Ray Ozzie [1] has a…

Ray Ozzie has a couple comments about the digital dashboard I pointed to yesterday.  Ray does have some good points in his critique.  Activities with specific modalities should be grouped.  Like Ray I don’t believe a dashboard is the place you should do all your work.  However, it can be a place where you can get an overview of your applications (specifically what they are doing for you and maybe a taste of what they contain), a jumping off point, and a place that you can use to combine information to do new things (of course publishing/sharing springs to mind).  In that way it is more of a replacement for the Windows desktop than it is a replacement for e-mail, office, or instant messaging.

First, a disclaimer, I am not in the digital dashboard business.  However, I like the approach and I am a supporter of exploring where this could go (testing the boundaries).  Here are some additional things to think about (this isn’t necessarily a rebuttal to Ray, but more thinking points to better examine the issue):


1) A dashboard works for many people.  The great success Yahoo has had with myYahoo shows that average users really like this approach.  My wife, my mother in-law, and many others I know do all their computing in the browser.  They were all new to computing in 1997.  Their home page is myYahoo.  Their desktop is the browser.  They are comfortable with it.  I think this is very common. 

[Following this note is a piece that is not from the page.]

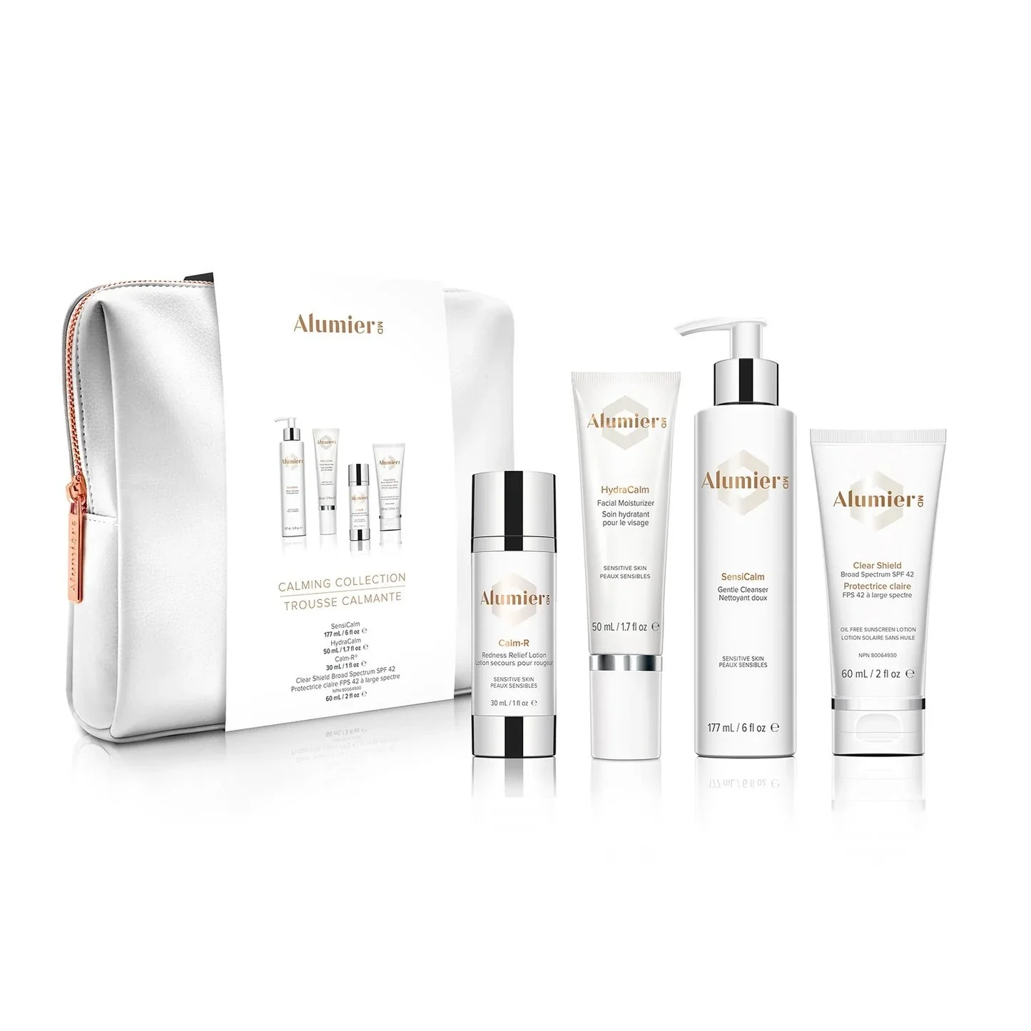 Features four carefully curated, essential home care products to support sensitive and redness-prone skin. They are housed together in a plush, white vegan leather cosmetic bag.

2) Much of the resistance to browser dashboards derives from legacy behavior — a familiarity with existing tools (which sprang up at different times and built behavior patterns of behavior that are hard to break).  How many of the 6 b people on this earth use the existing legacy PC apps?  5%?  We are at the infancy of information technology from that perspective.  The trend may also be against this legacy behavior, many of the people that have entered the computing world over the last five years are completely browser centric.

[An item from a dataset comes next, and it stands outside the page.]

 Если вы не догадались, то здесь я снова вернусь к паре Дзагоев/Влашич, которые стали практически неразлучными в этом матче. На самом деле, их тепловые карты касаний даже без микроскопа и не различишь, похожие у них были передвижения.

3) New “webby” approaches can lead to superior behavior.  While I generally like my e-mail app, the smooth Google like search capability of Zoe makes me think I am missing the boat.  I also would like to have all the info I have access to presented in a way that makes it easy for me to publish it and manipulate it in ways that make it easily shareable.  Documents and application silos block me from doing this.  


4) The browser as we know it has been hobbled.  It is malformed due to a lack of innovation.  It can do a lot more.  It can be changed to accomodate more desktop PC functionality in application specific ways that don’t seriously impare the simplicity of HTML for the data or for certain aspects of the interface.  Will it do everything?  Of course it won’t, but it could accomodate much more than it has.   I am working on this.